Statue in Warsaw, Poland

The statue of Juliusz Słowacki (Pomnik Juliusza Słowackiego) is a bronze statue in Warsaw, Poland, placed in front of the Palace of the Minister of Treasury at 3 and 5 Bank Square, within the North Downtown neighbourhood. It is dedicated to Juliusz Słowacki, a 19th-century poet and writer, and a major figure in the Polish Romantic period. The statue was originally designed by Edward Wittig in 1932, with the monument being unveiled on 29 September 2001.

== History ==
The first proposals to commemorate writer Juliusz Słowacki with a monument in Warsaw were raised in the 19th century, following his death in 1849. However, due to pro-Polish independence messages in his works, especially in Kordian, the Russian authorities always rejected them.

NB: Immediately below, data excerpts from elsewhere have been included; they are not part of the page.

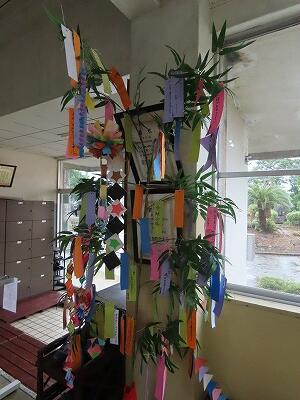 先日、小林地区更生保護女性会の方々より七夕飾りを寄贈していただきました。生徒会を中心に全校生徒で短冊を作成して飾りました。「家族全員楽しく生活できますように」「志望校に合格できますように」「宝くじ当たりたい(大金持ちになりたい)」「自分たちの望む学校にみんなが行けますように」「夏休みに美味しいものをたくさん食べられますように」「より多くの人が幸せに過ごせますように」など、様々な願い事が書かれていました。皆さんの願い事が叶いますように。
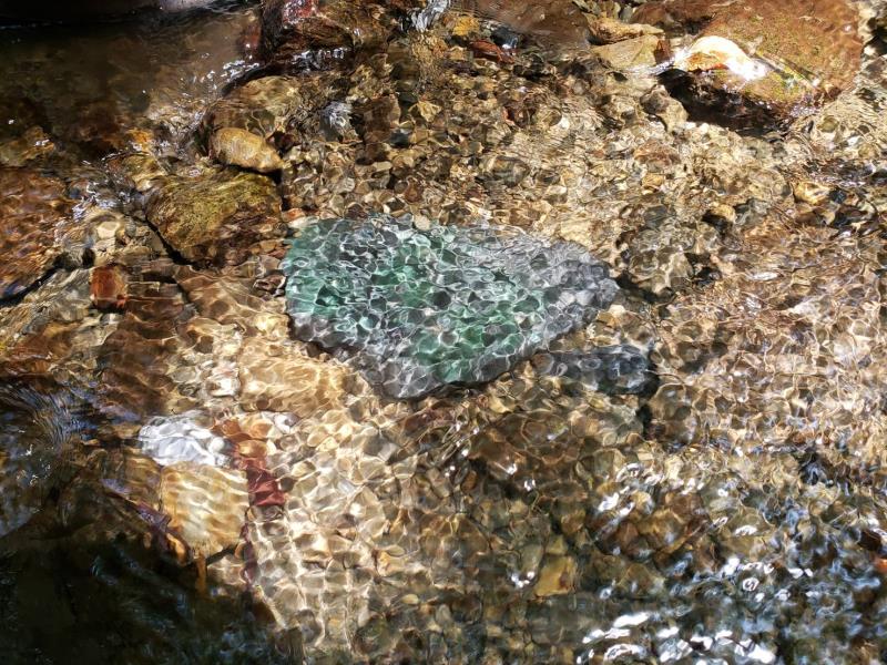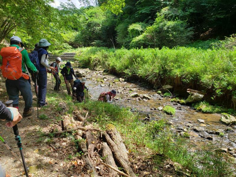 梅雨明け以来の真夏の太陽の下ながら、山の木漏れ陽はやわらかく、オオキツネノカミソリに出会いに行く、左へ右への渡渉の道のりはとても気持ちの良いものでした。
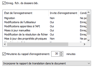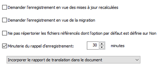 Les invites État de l’enregistrement remplacent les options Demander l’enregistrement en vue des mises à jour recalculées, Demander l’enregistrement en vue de la migration et Ne pas répertorier les fichiers référencés dont l’option par défaut est définie sur Non.
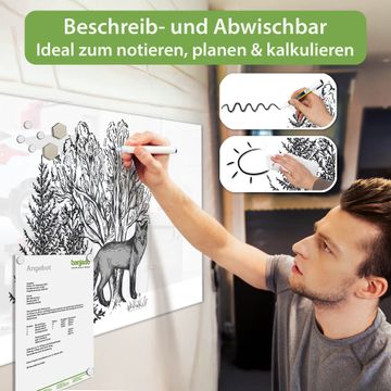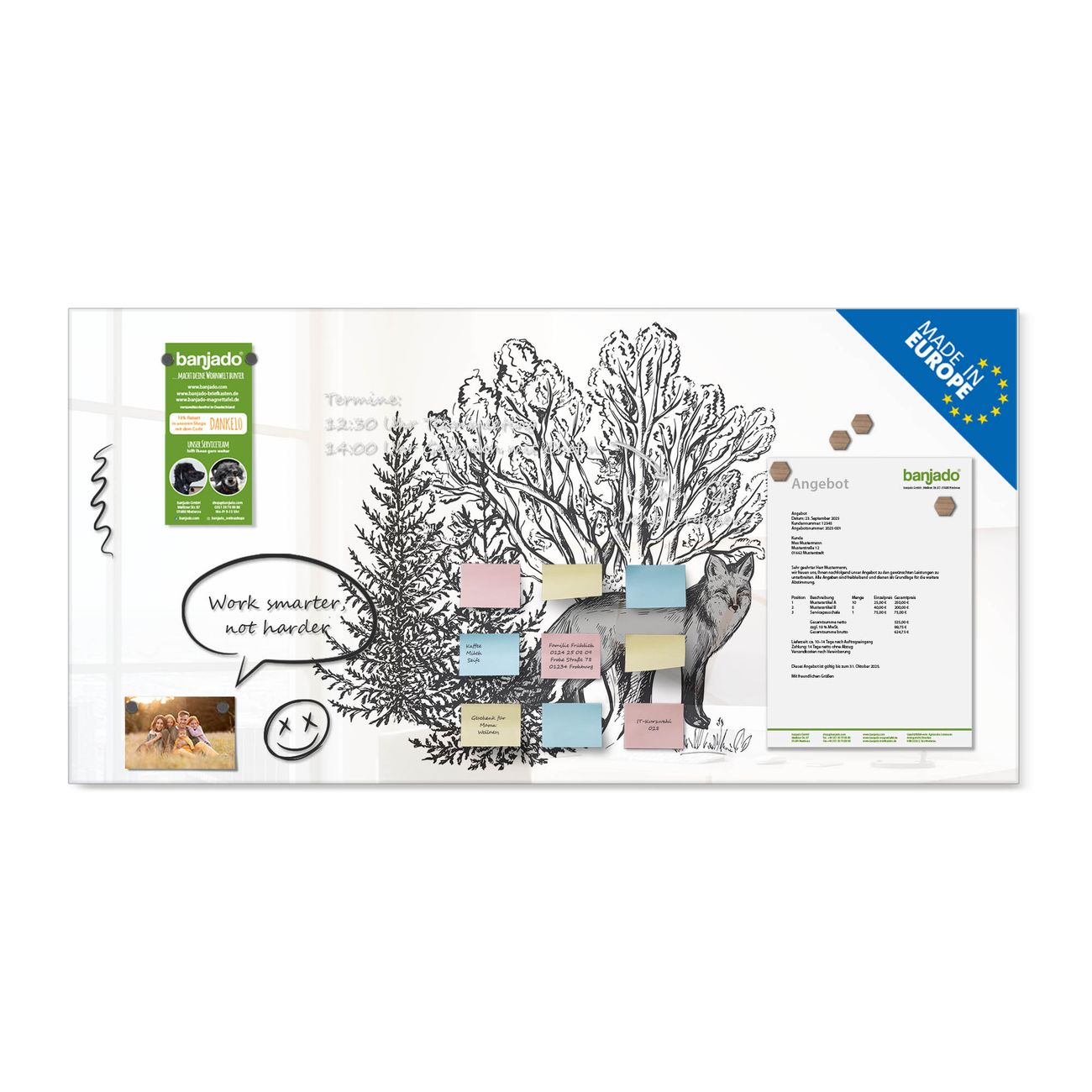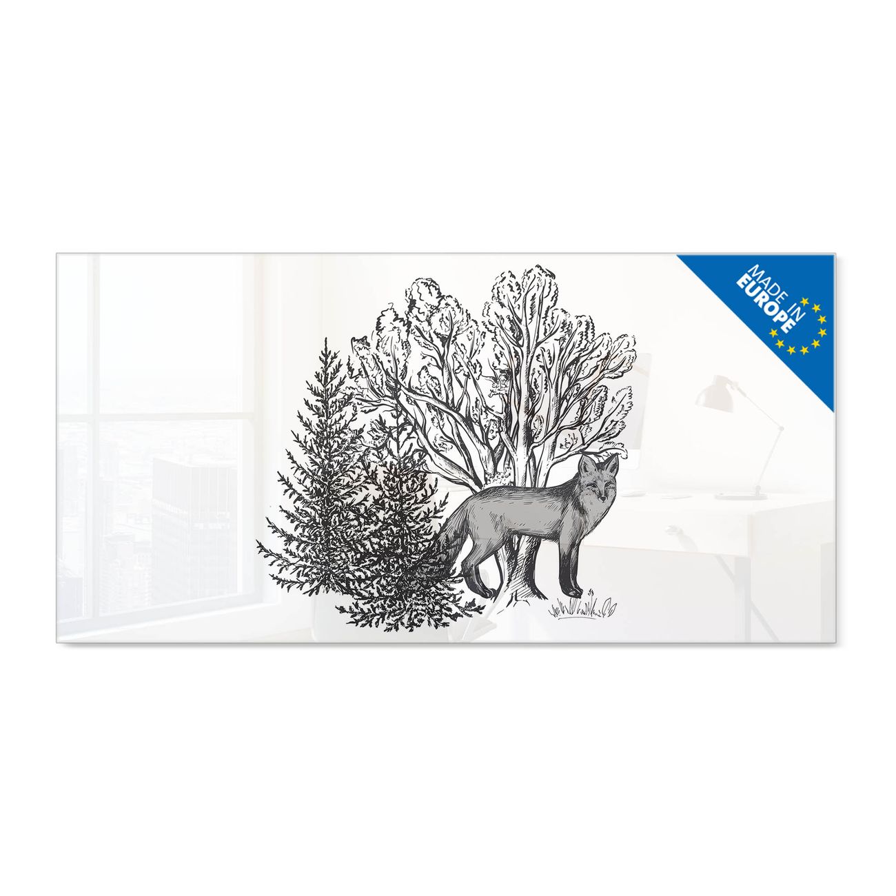 Material: 4mm Sicherheitsglas mit Metallrückwand Eigenschaften: beschreibbar, magnetisch, kratzfest Maße: 100x50x0,6cm, 7,50kg schwer Motiv Nummer 13483 Fuchs im Wald Zubehör: inklusive 4 Neodym-Magnete

The idea surfaced again in 1927, after an urn with Słowacki's ashes was brought from Kraków to Warsaw. As such, the city council decided to erect him a monument. Sculptor Wacław Szymanowski was commissioned to design it; however, the project was soon halted due to lack of funding and the Great Depression. It was again proposed in the 1960s and the 1970s; however, it never came to fruition.

In 1995, members of the Association of Heritage Monuments Protection discovered a gypsum model of a sculpture of Słowacki, originally made in 1932 by Edward Wittig, as a proposed project for a memorial in Lviv, placed in a warehouse in the Royal Baths complex. A committee was formed with a goal of erecting a bronze cast of the sculpture in Warsaw, and collecting funds for it.

In 1999, a cornerstone was sent to Vatican City, where it was blessed by Pope John Paul II. He also signed the monument's founding document, which was later signed by the President of Poland Aleksander Kwaśniewski on 28 March 2001.

The bronze statue was unveiled on 29 September 2001 at the Bank Square, several meters to the south from the location of the former monument of Felix Dzerzhinsky, which was removed in 1989. The location was chosen because Słowacki used to work in the nearby Palace of the Minister of Treasury. Inside the granite pedestal of the monument was placed an 80-kilogram bronze urn, containing dirt from Juliusz Słowacki's grave in Paris, and from the graves of his parents, Salomea's in Kremenets, Ukraine, and Euzebiusz's in Vilnius, Lithuania, as well as the statue's founding document.

== Design ==
The monument consists of a large bronze statue of Juliusz Słowacki, placed on a granite pedestal. He is depicted nude, wrapped up with a large cloth, with his chest and head uncovered. The monument is 12 metres tall.